VoltAgent is an open-source TypeScript framework for building AI agents with a strong focus on developer experience and observability. It wraps the Vercel AI SDK to give you model-agnostic agents (OpenAI, Anthropic, Google, Groq, Mistral, and others), then layers on tool definitions with Zod schemas, persistent memory, retrievers for RAG, multi-agent supervisors, and a local console that streams traces over WebSocket.

The framework is roughly two years old at this point, MIT-licensed, and has settled into a stable core. Unlike Python-first frameworks like LangChain or CrewAI, VoltAgent is written for TypeScript developers from the ground up. Tool inputs and outputs are statically typed end-to-end, agent configurations validate at compile time, and the runtime ships as a single @voltagent/core package plus optional add-ons for memory, voice, and providers.

The headline differentiator is the VoltAgent Console. Most TypeScript agent frameworks treat observability as a Phase 2 problem — bring your own LangSmith account, configure OpenTelemetry exporters, write custom logging. VoltAgent ships a hosted console at console.voltagent.dev that connects to your local agent over WebSocket the moment you run npm run dev. You see every prompt, every tool call, every retry, in real time. For production, the same traces can be exported via OpenTelemetry to Datadog, Grafana, or any OTLP-compatible backend.

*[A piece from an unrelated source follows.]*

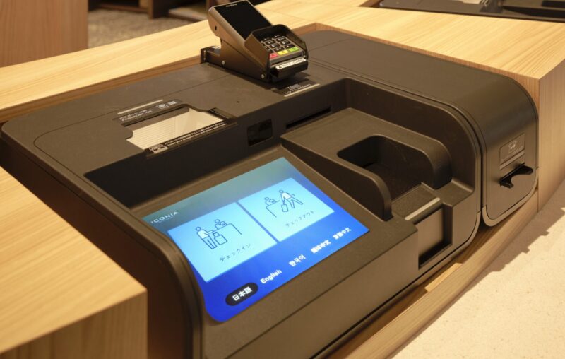 이번 저희 호텔에서는 고객의 편리성 향상과 대기 시간 단축을 위해 새롭게 「자동 체크인기」를 도입했습니다.
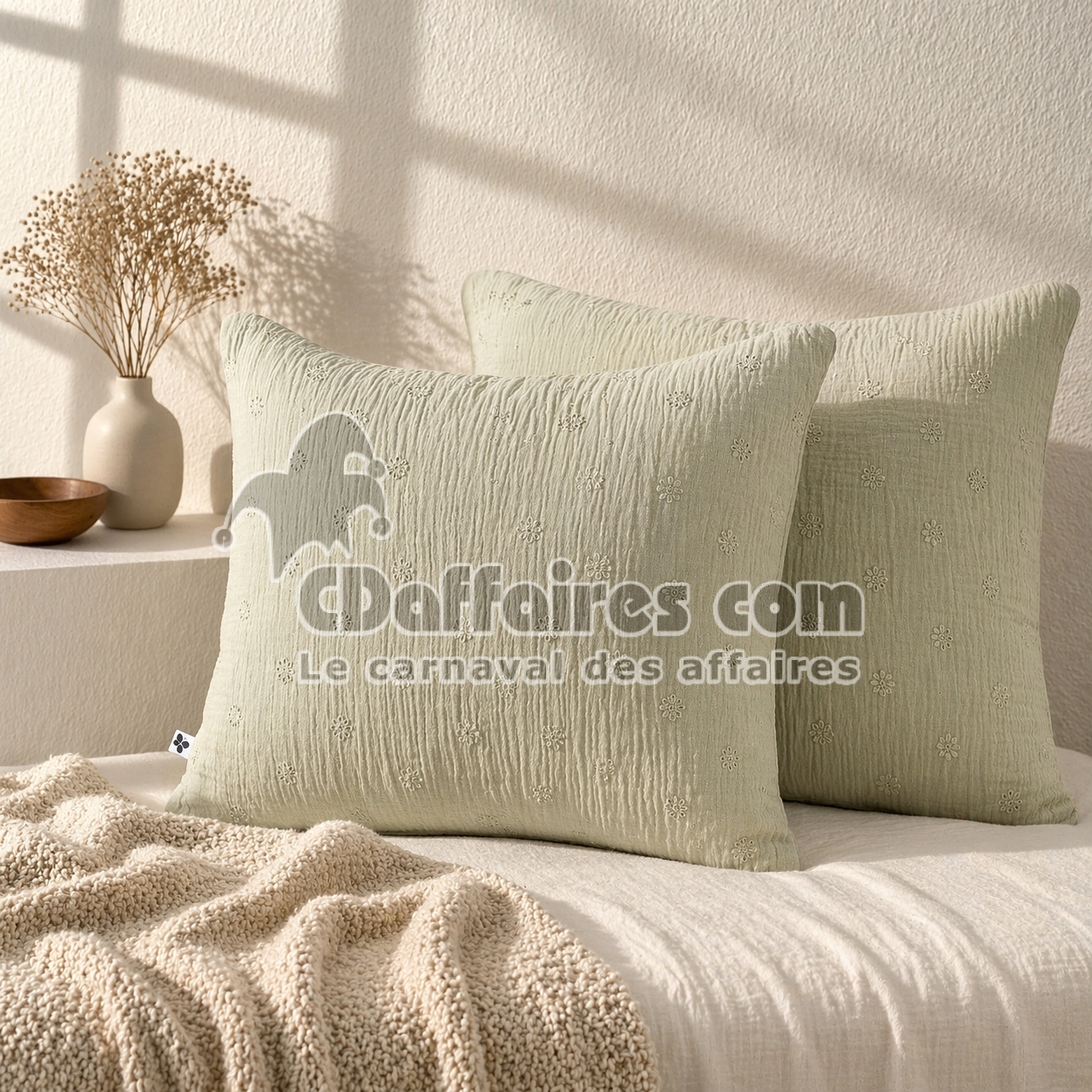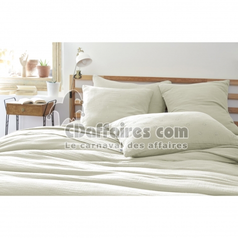 Lot de 2 Taies d’Oreiller 60 x 60 cm – Gaze de Coton Brodée – GAÏA BOHO Vert d'eau - CDAffaires

Why TypeScript-First Agents?

Most agent frameworks were born in Python because that’s where the ML ecosystem lives. But agents in production look more like backend services than ML pipelines. They handle HTTP requests, talk to databases, integrate with internal APIs, and run inside Node.js, Bun, or Deno workloads that your team already deploys.

TypeScript-first frameworks like VoltAgent, Mastra, and the Vercel AI SDK give you compile-time safety on tool inputs and outputs, real autocompletion in your editor, and the ability to reuse your existing service code without spinning up a separate Python microservice. For a backend team already shipping Node, that removes an entire deployment target.

The trade-off is that the TypeScript agent ecosystem is younger than Python’s. Niche capabilities — exotic fine-tuning, research-grade reasoning patterns, certain vector store integrations — still land in Python first. For most product use cases, though, the gap has closed. If you’re building a customer support bot, a sales agent, or an internal copilot, TypeScript-native frameworks are now production-ready.

Installing VoltAgent

The fastest path to a working agent is the CLI scaffold. It generates a complete project with the dev server, console connection, and a sample agent already wired up.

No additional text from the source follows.